Troutman Pepper stands out in particular for its experience advising oil and natural gas pipeline companies. Indeed, the team is often called upon to act as lead environmental counsel in renewable power projects across the country, counseling on environment and climate change issues surrounding development, acquisitions, financing, among others. The nationwide environmental and natural resources practice is jointly led by Catherine Little and Fitzgerald Veira, both in Atlanta. Other key figures include Raleigh-based Sean Sullivan, who focuses on areas such as brownfield redevelopment, in addition to environmental compliance and transactional due diligence; and Andrew Perel in New York, who advises on environmental risk management and compliance matters.


‘The Environmental group is creative and adaptable.  Most issues that arise are not black and white and I have had positive outcomes as a result of this group’s ability to utilize resources within the firm to provide practical approaches to complex matters.’

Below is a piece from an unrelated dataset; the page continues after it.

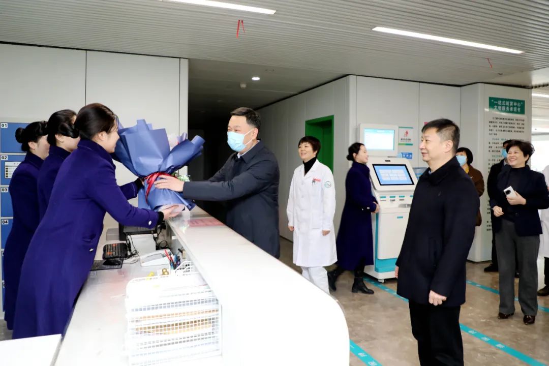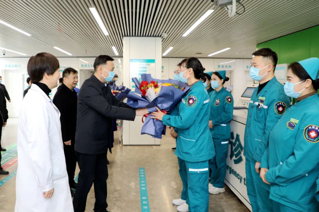 朱黎明一行先后到急診科、病人服務(wù)中心、影像科、皮膚科、中醫(yī)科、小兒心血管神經(jīng)血液科,小兒呼吸內(nèi)科看望慰問醫(yī)護人員,他表示,廣大醫(yī)護人員始終奮戰(zhàn)在醫(yī)療救治的最前線,承擔(dān)著光榮而艱巨的職責(zé)使命,為護佑全市人民健康提供了堅實保障,在新春佳節(jié)到來之際,謹代表市衛(wèi)健委向辛勤奉獻的市二院全體醫(yī)護人員表達誠摯的感謝和新年的祝福。

‘Sean Sullivan and Lisa Zak make a great team.  Working with both of them has been a pleasure and a true team effort.’

Key clients

Consolidated Edison Development

I Squared Capital


Societe Generale Corporate and Investment Banking – SGCIB

Resource Environmental Solutions

Duke Energy Renewables

Work highlights

  • Served as legal counsel to I Squared in the sale of its hydroelectric generation platform Cube Hydro Partners and affiliate Helix Partners to  Ontario Power General (OPG), in a deal valued at $1.12bn; work involved the negotiation of environmental liabilities associated with legacy site operations.
  • Acts as national environmental due diligence counsel for UBS; recent work included conducting all environmental due diligence and mitigation on a portfolio of approximately 140 Sears auto repair and retail related facilities.
  • Represented Duke Energy Renewables, a subsidiary of Duke Energy, in the environmental and siting aspects of its acquisition of the 150MW North Rosamond solar project in Kern County, California.
  • Advised Con Edison Development, a subsidiary of Consolidated Edison and one of America’s largest owners and operators of renewable energy infrastructure projects, in its largest acquisition to-date.
  • Acts as environmental counsel to the senior lender (Societe Generale Corporate and Investment Banking) and to the securitization counsel in relation to a Stand Alone Single Borrower (SASB) deal in excess of $200m.